Exercise
Would you transcribe the listing that follows word for word, skipping pictures?

Excerpted data
┏━━
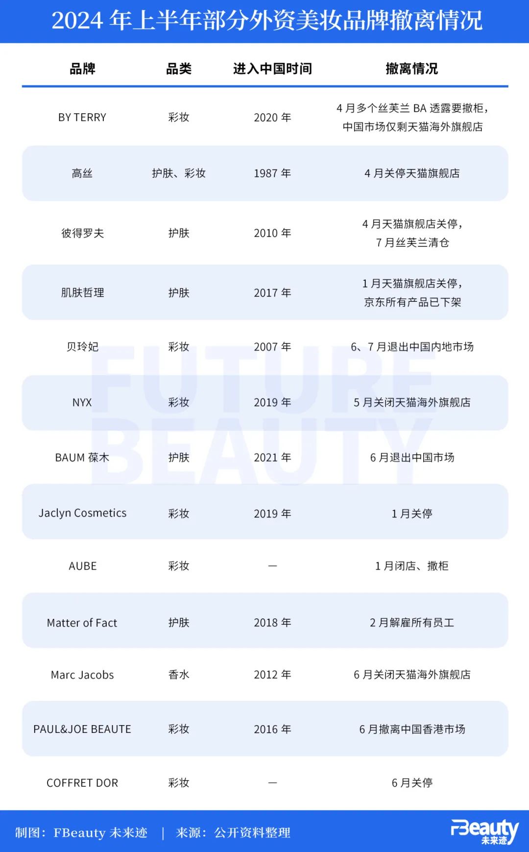 于是我又去看今年上半年外資美妝品牌在中國市場的撤離情況,還真不比國貨品牌的情況樂觀,關(guān)鍵里面還有許多背靠頭部國際集團的品牌,比如資生堂的BAUM葆木、科蒂的肌膚哲理和Marc Jacobs、歐萊雅的NYX、LVMH的貝玲妃等等。
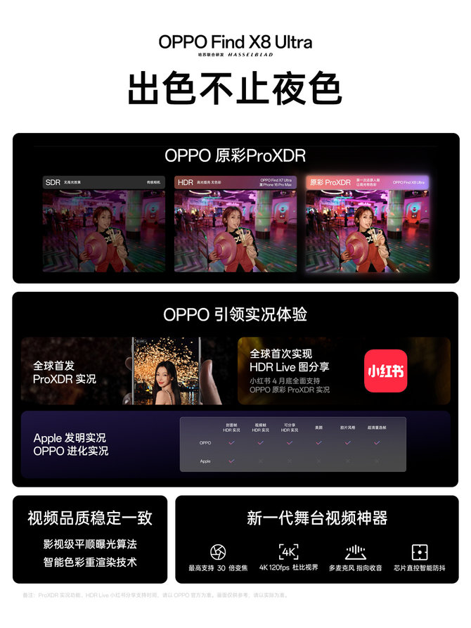 对于Find X8 Ultra的这块屏幕,可以说是配置堆满了,不仅支持2K超高清画质,还有原彩ProXDR超通透色彩显示,一眼沉浸赏心悦目。而超高屏幕亮度可以让手机在烈日之下依然清晰可见。OPPO通过AI场景检测,匹配出了最佳显示效果,让屏幕内容在户外强光下依然清晰、真实、通透、细腻。自研的熄灯护眼技术方案,让屏幕在暗光下也能拥有柔和舒适的观感。
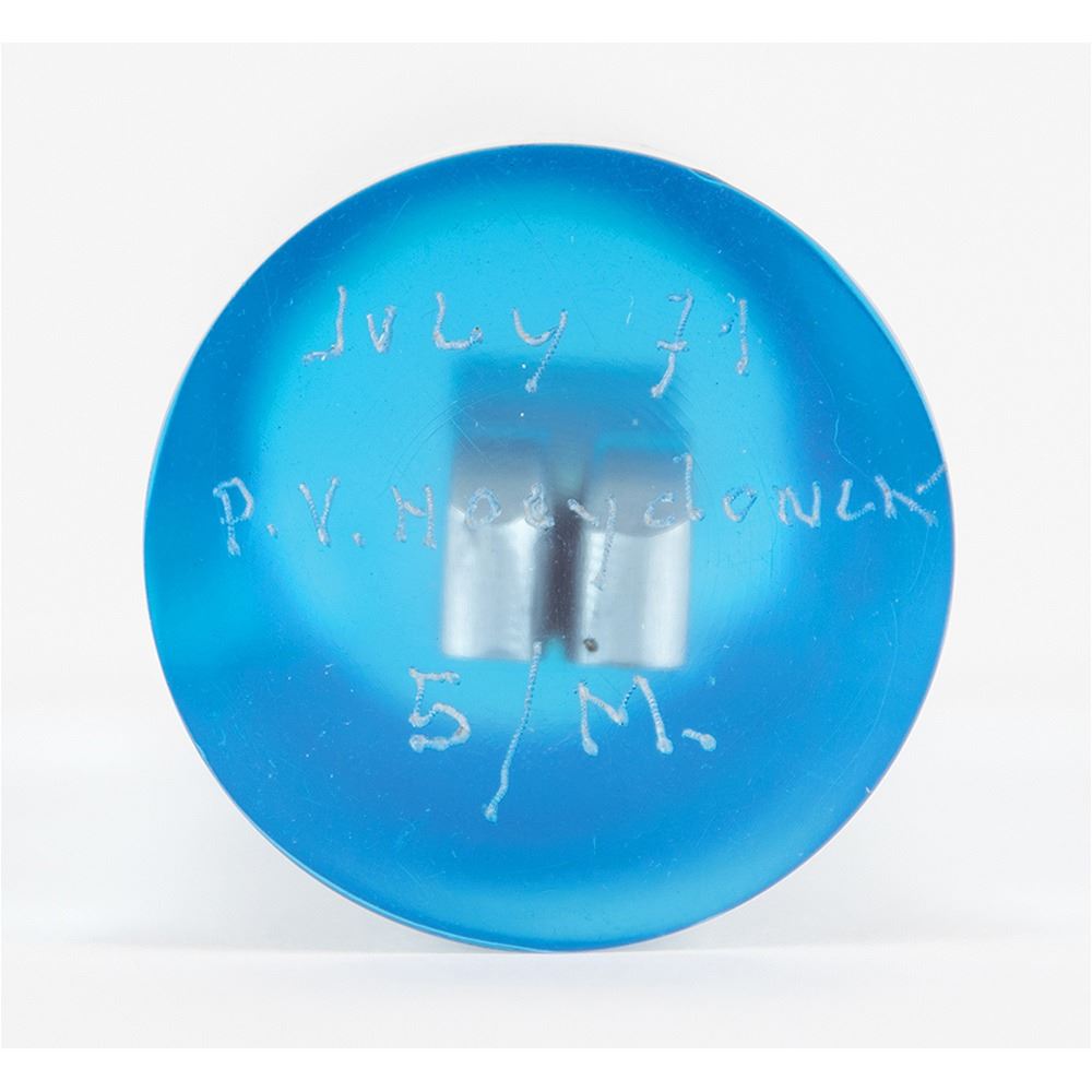 Al Worden's 'Fallen Astronaut' statue by Paul Van Hoeydonck, evidently an early example or prototype created by the artist in 1971 prior to the Apollo 15 flight. The sculpture consists of a 3.25è long stylized aluminum figure representing an astronaut in a spacesuit, cast in a 5è tall blue acrylic tube, etched on the bottom: "July 71, P. V. Hoeydonck, 5/M." This represents the first iteration of Van Hoeydonck's sculpture, which was originally set inside an acrylic tube so that it could stand upright on the moon. The sculpture had to comply with several safety regulations‰ÛÓit had to be non-magnetic, with no sharp edges, and be small and lightweight. Shortly before launch, NASA decided that the plastic tube was a potential fire hazard, and Van Hoeydonck rushed an unencapsulated statue to Apollo 15 CDR Dave Scott to be taken on the lunar landing mission. The astronauts left the 'Fallen Astronaut' statue on the lunar surface, along with a plaque honoring the fourteen known fallen space explorers.
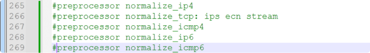 256~269줄은 IDS 모드에서 사용할수 없으므로 주석처리(# 표시)를 해준다.
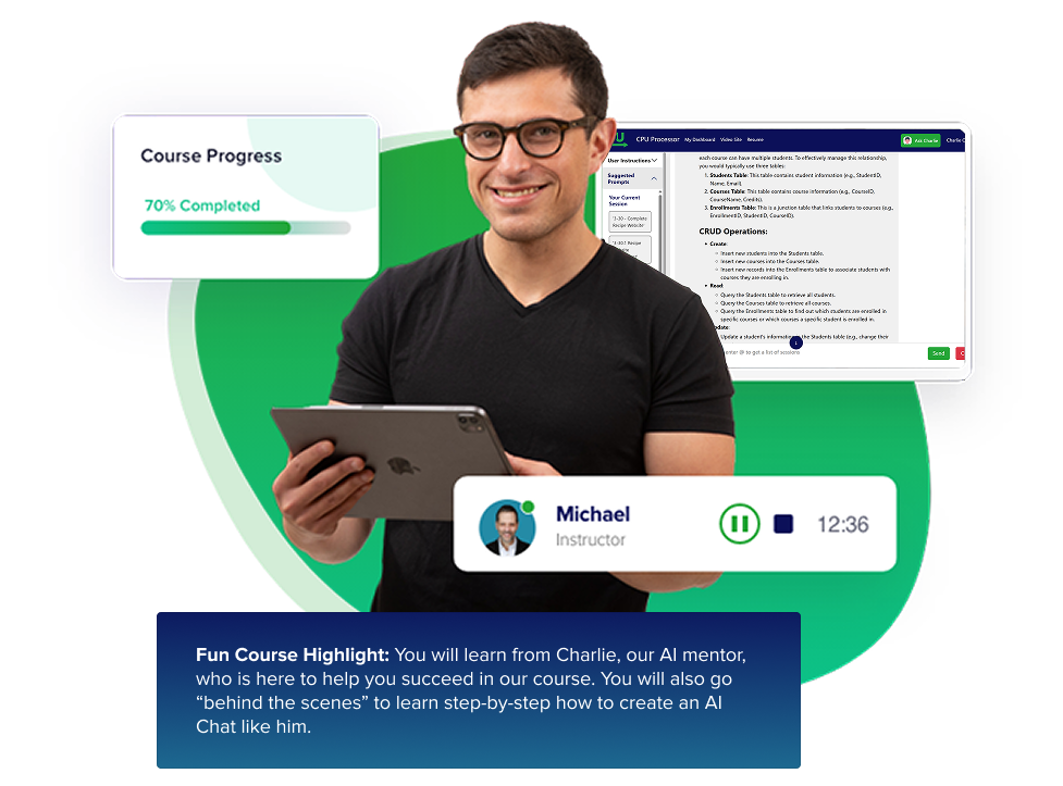 Compete successfully in the job market no matter what happens with AI. This course is the ideal blend of software development fundamentals and the latest tools and skills you need to succeed in collaboration with AI.
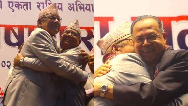 काठमाडौं, २ साउन । माधव कुमार नेपाल नेतृत्वको नेकपा (एकीकृत समाजवादी) र वामदेव गौतम नेतृत्वको नेकपा एकता राष्ट्रिय अभियानबीच एकता भएको छ । आज (शुक्रबार) दुई पार्टीबीच राष्ट्रिय सभागृहमा आयोजित एक समारोहमा एकता घोषणा भएको हो ।
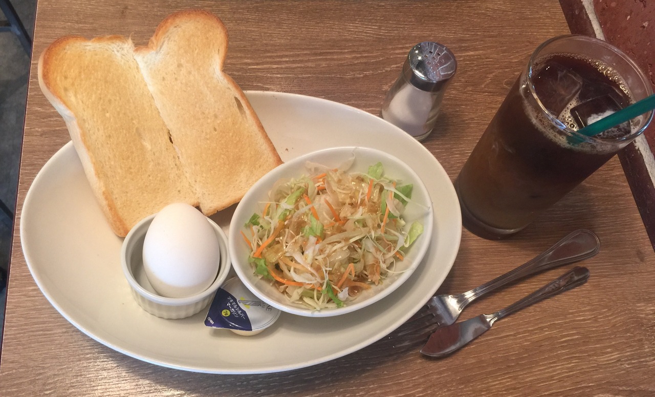 トーストセットは390円でトーストにサラダ、ゆで卵かヨーグルトをチョイスできて飲み物も付いて税込390円!コスパ高いですよね(^ ^)
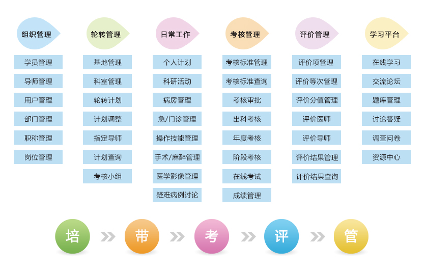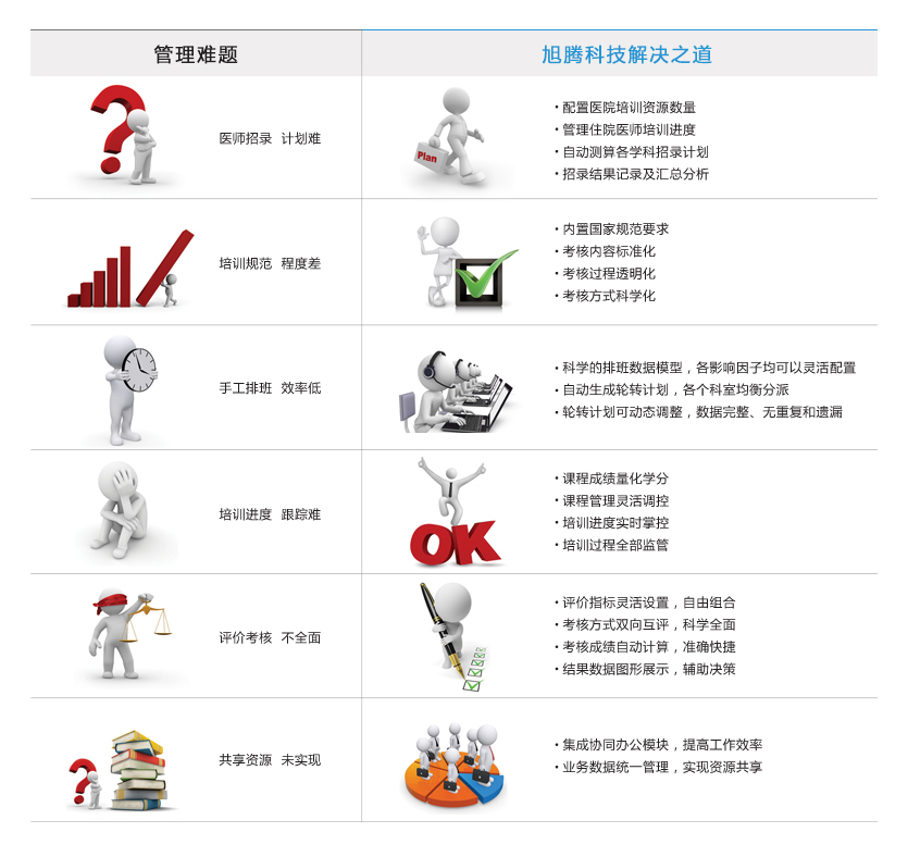 住院医师规范化培训管理平台是旭腾科技根据国家卫生计生委制定的《住院医师规范化培训管理办法(试行)》,结合当前医院培训工作的特点,精心研发而成。系统围绕临床住院医师各项培训工作进行针对性设计,以精细化管理思想为指导,以工作流和信息流技术为核心,以软件为载体和实现手段,采用易于扩展和组装的构件化设计,切实为医院打造住院医师规范化培训管理的综合运营支撑平台。
┗━━
Response below
 于是我又去看今年上半年外資美妝品牌在中國市場的撤離情況,還真不比國貨品牌的情況樂觀,關(guān)鍵里面還有許多背靠頭部國際集團的品牌,比如資生堂的BAUM葆木、科蒂的肌膚哲理和Marc Jacobs、歐萊雅的NYX、LVMH的貝玲妃等等。
 对于Find X8 Ultra的这块屏幕,可以说是配置堆满了,不仅支持2K超高清画质,还有原彩ProXDR超通透色彩显示,一眼沉浸赏心悦目。而超高屏幕亮度可以让手机在烈日之下依然清晰可见。OPPO通过AI场景检测,匹配出了最佳显示效果,让屏幕内容在户外强光下依然清晰、真实、通透、细腻。自研的熄灯护眼技术方案,让屏幕在暗光下也能拥有柔和舒适的观感。
 Al Worden's 'Fallen Astronaut' statue by Paul Van Hoeydonck, evidently an early example or prototype created by the artist in 1971 prior to the Apollo 15 flight. The sculpture consists of a 3.25è long stylized aluminum figure representing an astronaut in a spacesuit, cast in a 5è tall blue acrylic tube, etched on the bottom: "July 71, P. V. Hoeydonck, 5/M." This represents the first iteration of Van Hoeydonck's sculpture, which was originally set inside an acrylic tube so that it could stand upright on the moon. The sculpture had to comply with several safety regulations‰ÛÓit had to be non-magnetic, with no sharp edges, and be small and lightweight. Shortly before launch, NASA decided that the plastic tube was a potential fire hazard, and Van Hoeydonck rushed an unencapsulated statue to Apollo 15 CDR Dave Scott to be taken on the lunar landing mission. The astronauts left the 'Fallen Astronaut' statue on the lunar surface, along with a plaque honoring the fourteen known fallen space explorers.
 256~269줄은 IDS 모드에서 사용할수 없으므로 주석처리(# 표시)를 해준다.
 Compete successfully in the job market no matter what happens with AI. This course is the ideal blend of software development fundamentals and the latest tools and skills you need to succeed in collaboration with AI.
 काठमाडौं, २ साउन । माधव कुमार नेपाल नेतृत्वको नेकपा (एकीकृत समाजवादी) र वामदेव गौतम नेतृत्वको नेकपा एकता राष्ट्रिय अभियानबीच एकता भएको छ । आज (शुक्रबार) दुई पार्टीबीच राष्ट्रिय सभागृहमा आयोजित एक समारोहमा एकता घोषणा भएको हो ।
 トーストセットは390円でトーストにサラダ、ゆで卵かヨーグルトをチョイスできて飲み物も付いて税込390円!コスパ高いですよね(^ ^)
 住院医师规范化培训管理平台是旭腾科技根据国家卫生计生委制定的《住院医师规范化培训管理办法(试行)》,结合当前医院培训工作的特点,精心研发而成。系统围绕临床住院医师各项培训工作进行针对性设计,以精细化管理思想为指导,以工作流和信息流技术为核心,以软件为载体和实现手段,采用易于扩展和组装的构件化设计,切实为医院打造住院医师规范化培训管理的综合运营支撑平台。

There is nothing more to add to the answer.